JP3197920B2 - Semiconductor integrated circuit - Google Patents

Description

DETAILED DESCRIPTION OF THE INVENTION

[0001]

BACKGROUND OF THE INVENTION 1. Field of the Invention The present invention relates to a semiconductor integrated circuit, and more particularly, to a semiconductor integrated circuit with high integration and high speed. In recent years, in order to achieve high integration and high speed of a semiconductor integrated circuit, in a MOS transistor, a gate width is reduced, and a thickness of an oxide film is made thinner than usual, for example, 130 to 140 ° or less. Type LSI (La
rge Scale Integrated circuit) has been developed.

However, the power supply voltage of MOS-type LSIs in recent years is mainly 5 V, and in fields where the power consumption needs to be reduced, 5 V or less, for example, 3.
Since a power supply voltage of 3 V is used, when mixed with an LSI used with a mainstream power supply voltage of 5 V, it cannot be used as it is because of the breakdown voltage of the MOS circuit.

Therefore, an LSI having a breakdown voltage equal to or lower than a reference voltage is used.
Therefore, a semiconductor integrated circuit in which measures are taken for the case of mixing in a circuit is required.

[0004]

2. Description of the Related Art Conventionally, the following measures have been taken in semiconductor integrated circuits in fields requiring high breakdown voltage. That is, in order to improve the breakdown voltage between the source and the drain together with the breakdown voltage of the gate oxide film, the gate oxide film T _ox
And the electric field E of the diffusion layer is lowered (E = V /
_Tox ), the diffusion layer is deepened, and the electric field E applied to the diffusion layer is reduced.

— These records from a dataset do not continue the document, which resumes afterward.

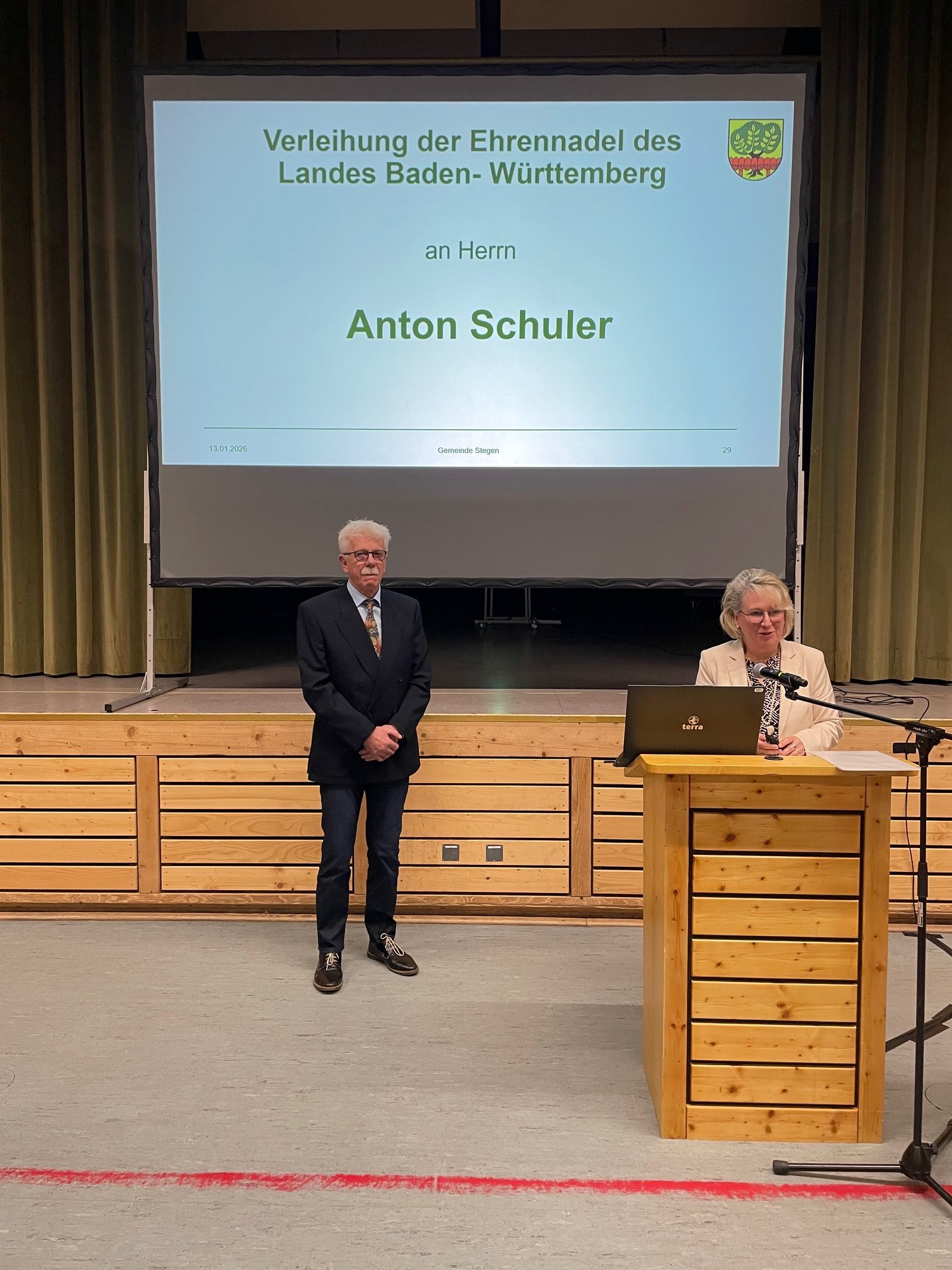 Im Rahmen des Neujahrsempfangs in Stegen erhielt unser Ehrenmitglied Anton ‚Toni‘ Schuler die Ehrennadel des Landes Baden-Württemberg⊂ als würdige Anerkennung für seine mehr als 50-jährige, unermüdliche ehrenamtliche Tätigkeit als Nikolaus
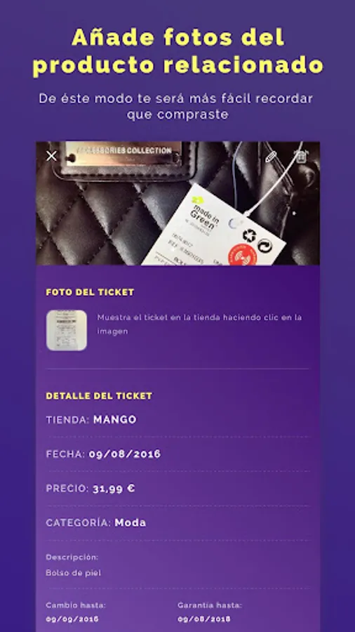Forget about carrying briefcase full of poorly organized tickets. Saved! It lets you save them in the cloud, organize them by categories and add related photos to each ticket products.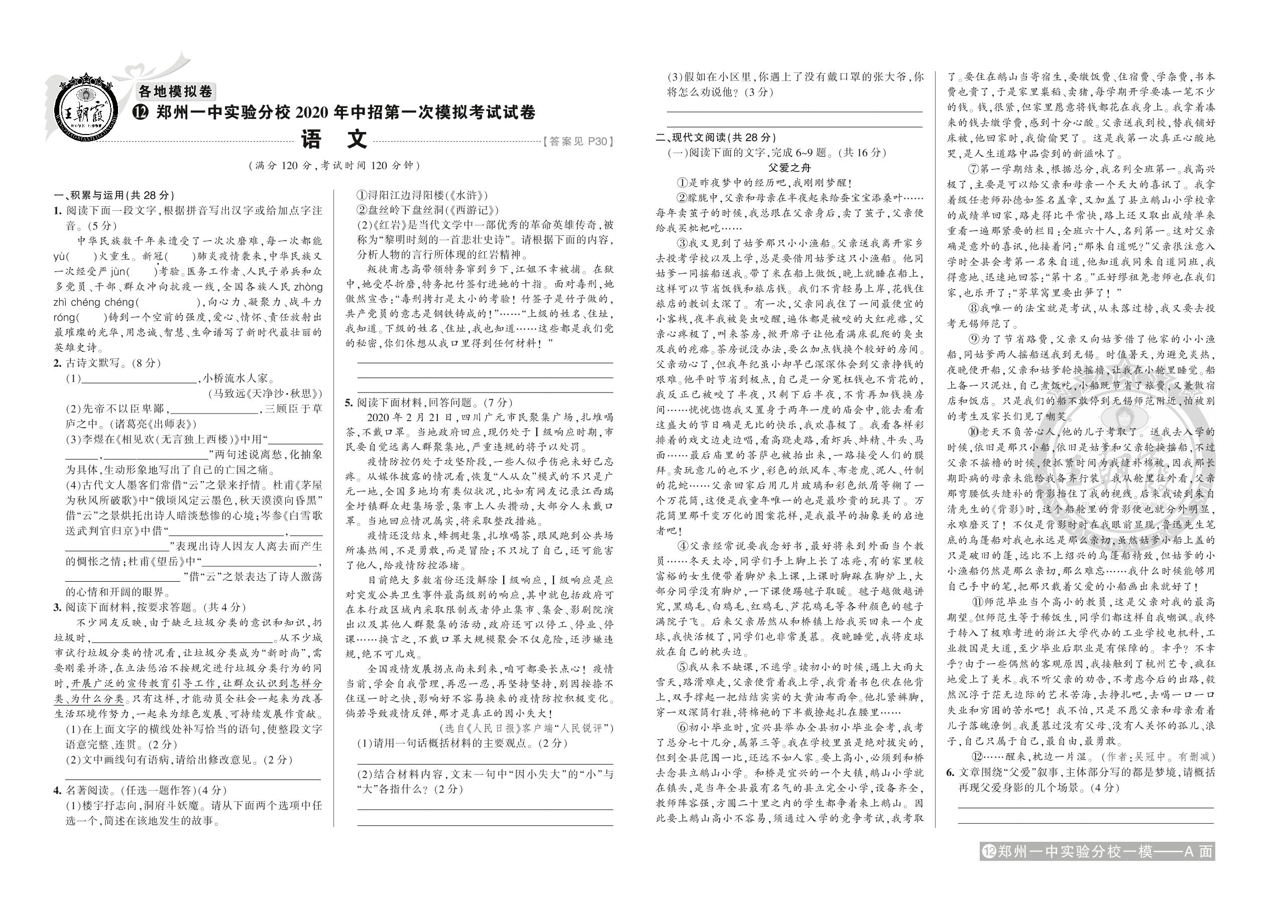 郑州一中实验分校2020年中招第一次模拟考试试卷语文【12】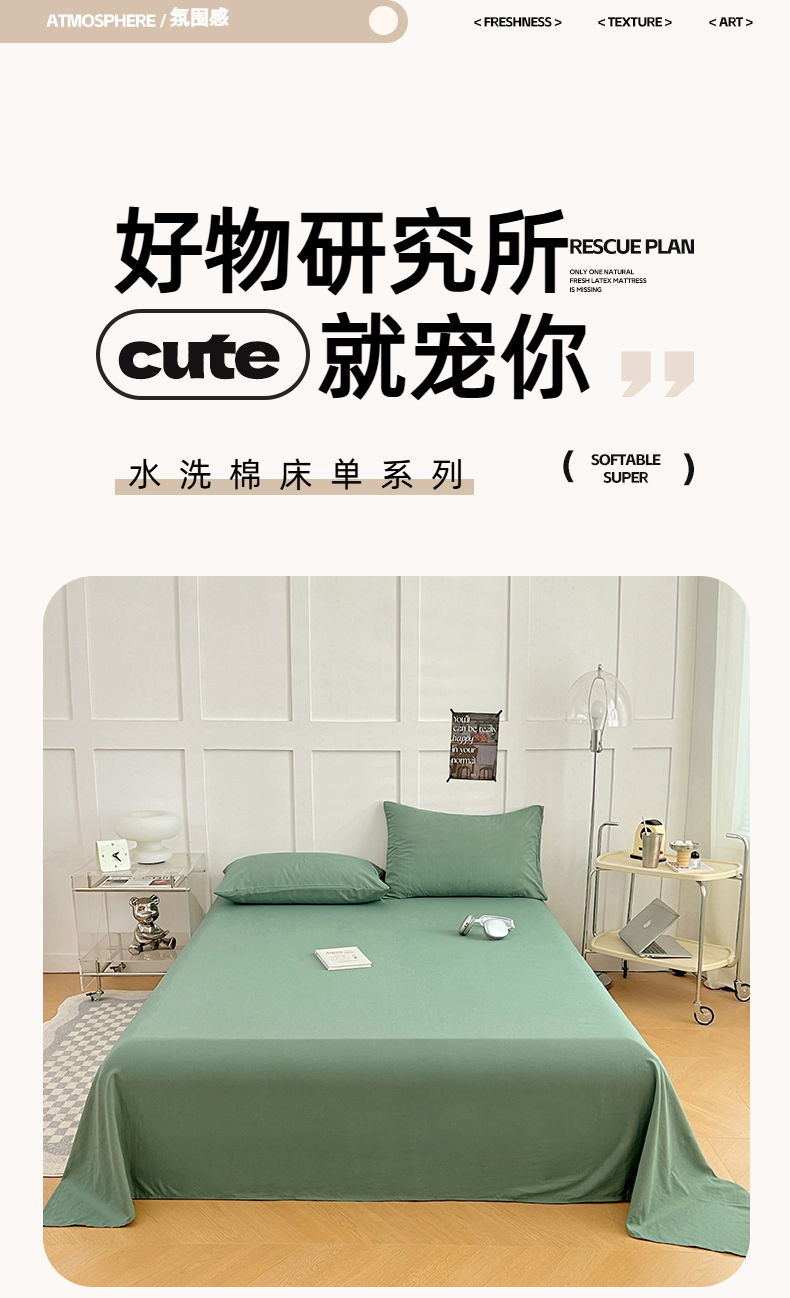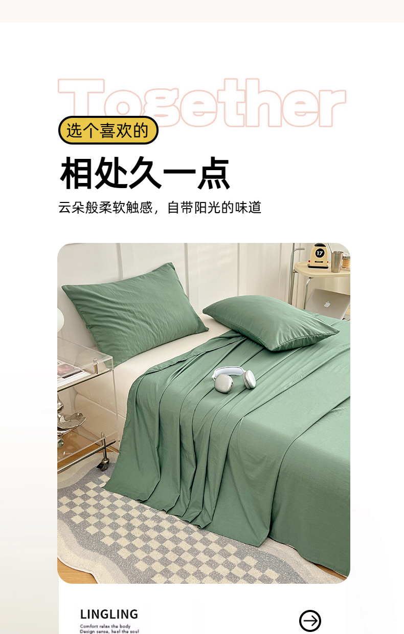 • 91家纺网 家纺一手货源 找家纺 彩韵家纺 2025新款柔软云感水洗m床单系列 橄榄绿

However, in order to improve the speed, the thickness of the gate oxide film of the MOS transistor to be used is made thinner than usual. In this case, only the oxide film in the portion to which a high voltage is applied is thickened. Technology is used. To explain this in detail, first, after forming an oxide film once,
The oxide film is formed twice by removing the necessary portion of the oxide film and oxidizing it again to form an oxide film thicker than usual.

[0006]

However, in such a conventional semiconductor integrated circuit, an oxide film is formed twice so that an oxide film thicker than usual is formed. There was a problem as described. That is, 1. Since the oxide film once applied is removed and oxidized again, contamination occurs in the oxide film applied first.

[0007] 2. Fine holes are formed during etching,
This causes a decrease in withstand voltage. 3. Since the manufacturing process becomes complicated, the manufacturing cost increases. Further, when the diffusion layer is made deeper, the diffusion layer also spreads in the lateral direction and the gate width is increased, so that the speed and the degree of integration are reduced, and there is a problem that high integration and high speed cannot be achieved. .

[0008] Accordingly, it is an object of the present invention to provide a semiconductor integrated circuit having a sufficient withstand voltage while reducing the thickness of a gate oxide film.

[0009]

According to the present invention, in order to achieve the above object, an external signal is input to an internal circuit through an input terminal.
In a semiconductor integrated circuit, the drain of a MOS transistor
And the input terminal of the MOS transistor.
A source connected to the internal circuit;
A CR time constant circuit is provided between the gate of
Has a configuration was.

[0010]

[0011]

[0012]

According to the present invention, even when a signal having a voltage level higher than the withstand voltage of the internal circuit is input to the input terminal by the MOS transistor provided between the input terminal and the internal circuit, the maximum voltage level of the MOS transistor is reduced. The predetermined voltage value applied to the gate of the transistor is suppressed.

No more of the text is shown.